╔══
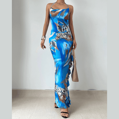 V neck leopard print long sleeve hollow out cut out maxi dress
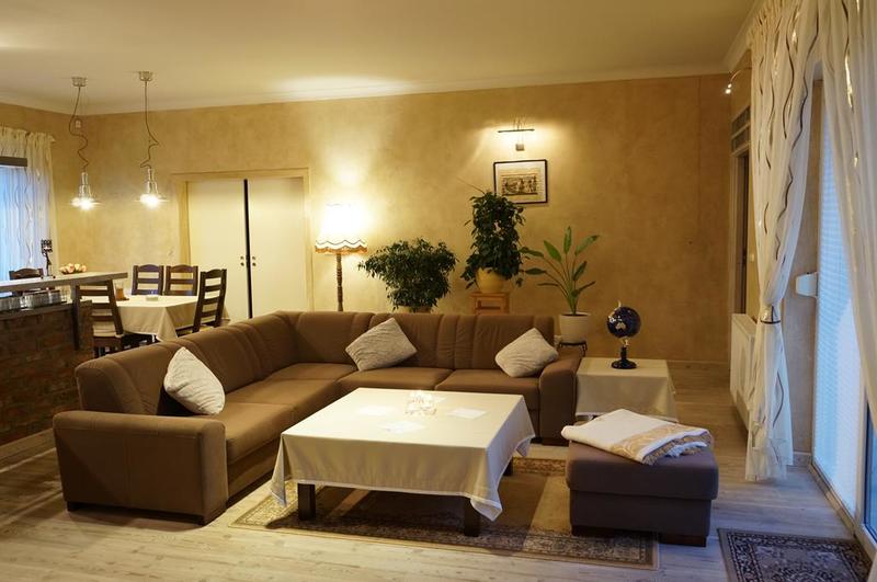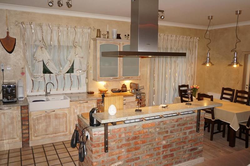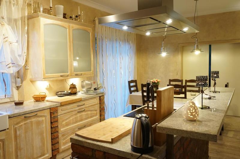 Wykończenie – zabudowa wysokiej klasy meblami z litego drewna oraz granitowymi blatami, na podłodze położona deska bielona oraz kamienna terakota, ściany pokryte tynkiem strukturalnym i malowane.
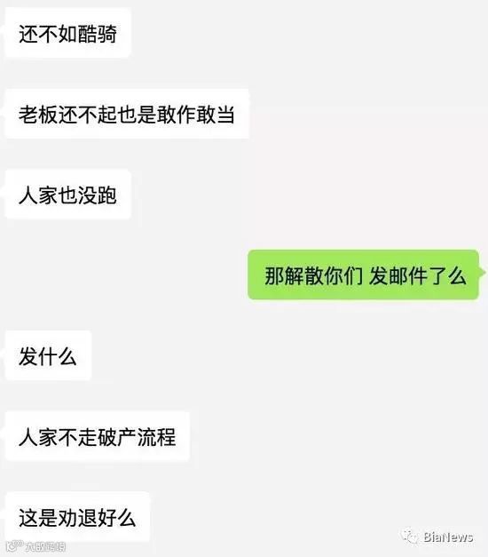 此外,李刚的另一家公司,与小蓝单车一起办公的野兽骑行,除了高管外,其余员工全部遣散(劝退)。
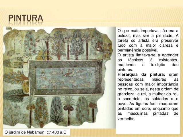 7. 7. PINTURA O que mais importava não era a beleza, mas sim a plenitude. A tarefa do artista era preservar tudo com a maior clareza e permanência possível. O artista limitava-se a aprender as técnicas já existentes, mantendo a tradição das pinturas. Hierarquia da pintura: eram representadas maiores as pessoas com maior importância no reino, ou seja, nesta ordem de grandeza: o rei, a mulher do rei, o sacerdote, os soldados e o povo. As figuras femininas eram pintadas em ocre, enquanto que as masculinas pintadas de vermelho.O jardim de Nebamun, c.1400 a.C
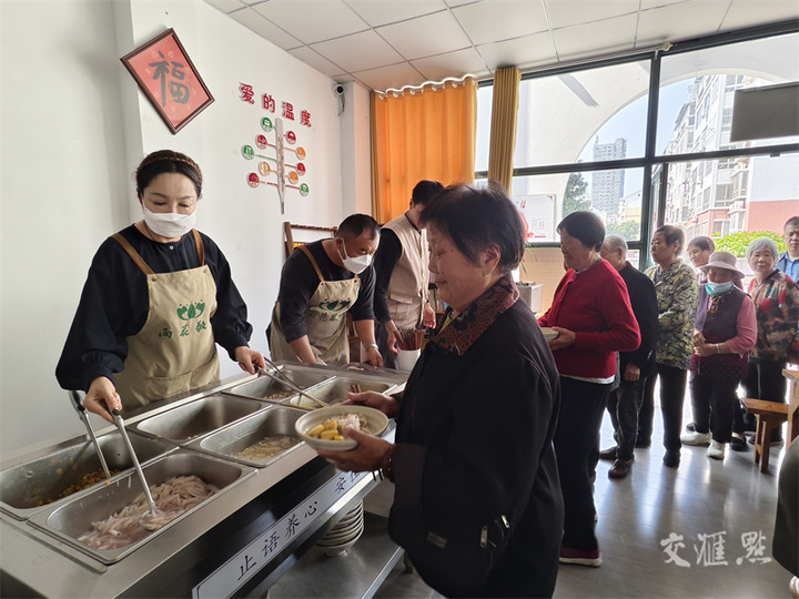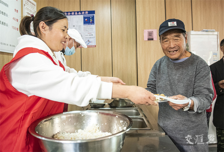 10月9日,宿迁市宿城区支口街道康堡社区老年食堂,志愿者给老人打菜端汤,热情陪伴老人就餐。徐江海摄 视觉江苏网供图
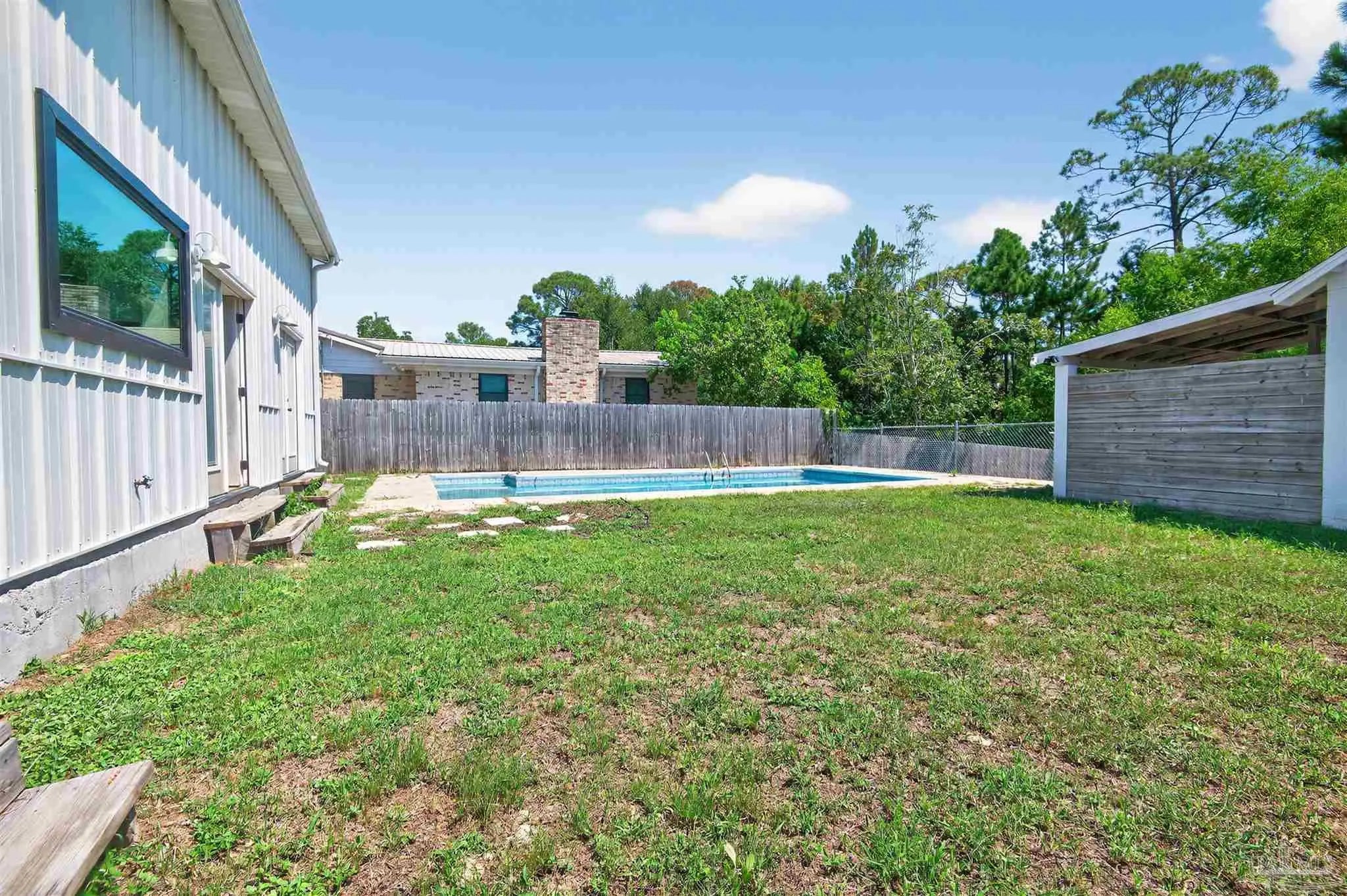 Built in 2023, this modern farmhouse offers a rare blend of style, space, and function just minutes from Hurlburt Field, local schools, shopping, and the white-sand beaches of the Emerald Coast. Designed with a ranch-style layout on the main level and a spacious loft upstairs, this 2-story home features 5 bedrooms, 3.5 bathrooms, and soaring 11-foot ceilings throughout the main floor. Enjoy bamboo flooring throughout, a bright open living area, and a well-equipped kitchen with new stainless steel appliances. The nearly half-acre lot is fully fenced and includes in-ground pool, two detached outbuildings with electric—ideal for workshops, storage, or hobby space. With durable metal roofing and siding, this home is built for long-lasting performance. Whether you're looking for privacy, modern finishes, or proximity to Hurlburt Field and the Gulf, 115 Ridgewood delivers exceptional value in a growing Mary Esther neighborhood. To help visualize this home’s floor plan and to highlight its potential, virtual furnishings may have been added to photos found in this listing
╚══
Above are the records; print them all exactly and keep the pictures out.

> [EXERCISE OUTPUT]:
 V neck leopard print long sleeve hollow out cut out maxi dress
 Wykończenie – zabudowa wysokiej klasy meblami z litego drewna oraz granitowymi blatami, na podłodze położona deska bielona oraz kamienna terakota, ściany pokryte tynkiem strukturalnym i malowane.
 此外,李刚的另一家公司,与小蓝单车一起办公的野兽骑行,除了高管外,其余员工全部遣散(劝退)。
 7. 7. PINTURA O que mais importava não era a beleza, mas sim a plenitude. A tarefa do artista era preservar tudo com a maior clareza e permanência possível. O artista limitava-se a aprender as técnicas já existentes, mantendo a tradição das pinturas. Hierarquia da pintura: eram representadas maiores as pessoas com maior importância no reino, ou seja, nesta ordem de grandeza: o rei, a mulher do rei, o sacerdote, os soldados e o povo. As figuras femininas eram pintadas em ocre, enquanto que as masculinas pintadas de vermelho.O jardim de Nebamun, c.1400 a.C
 10月9日,宿迁市宿城区支口街道康堡社区老年食堂,志愿者给老人打菜端汤,热情陪伴老人就餐。徐江海摄 视觉江苏网供图
 Built in 2023, this modern farmhouse offers a rare blend of style, space, and function just minutes from Hurlburt Field, local schools, shopping, and the white-sand beaches of the Emerald Coast. Designed with a ranch-style layout on the main level and a spacious loft upstairs, this 2-story home features 5 bedrooms, 3.5 bathrooms, and soaring 11-foot ceilings throughout the main floor. Enjoy bamboo flooring throughout, a bright open living area, and a well-equipped kitchen with new stainless steel appliances. The nearly half-acre lot is fully fenced and includes in-ground pool, two detached outbuildings with electric—ideal for workshops, storage, or hobby space. With durable metal roofing and siding, this home is built for long-lasting performance. Whether you're looking for privacy, modern finishes, or proximity to Hurlburt Field and the Gulf, 115 Ridgewood delivers exceptional value in a growing Mary Esther neighborhood. To help visualize this home’s floor plan and to highlight its potential, virtual furnishings may have been added to photos found in this listing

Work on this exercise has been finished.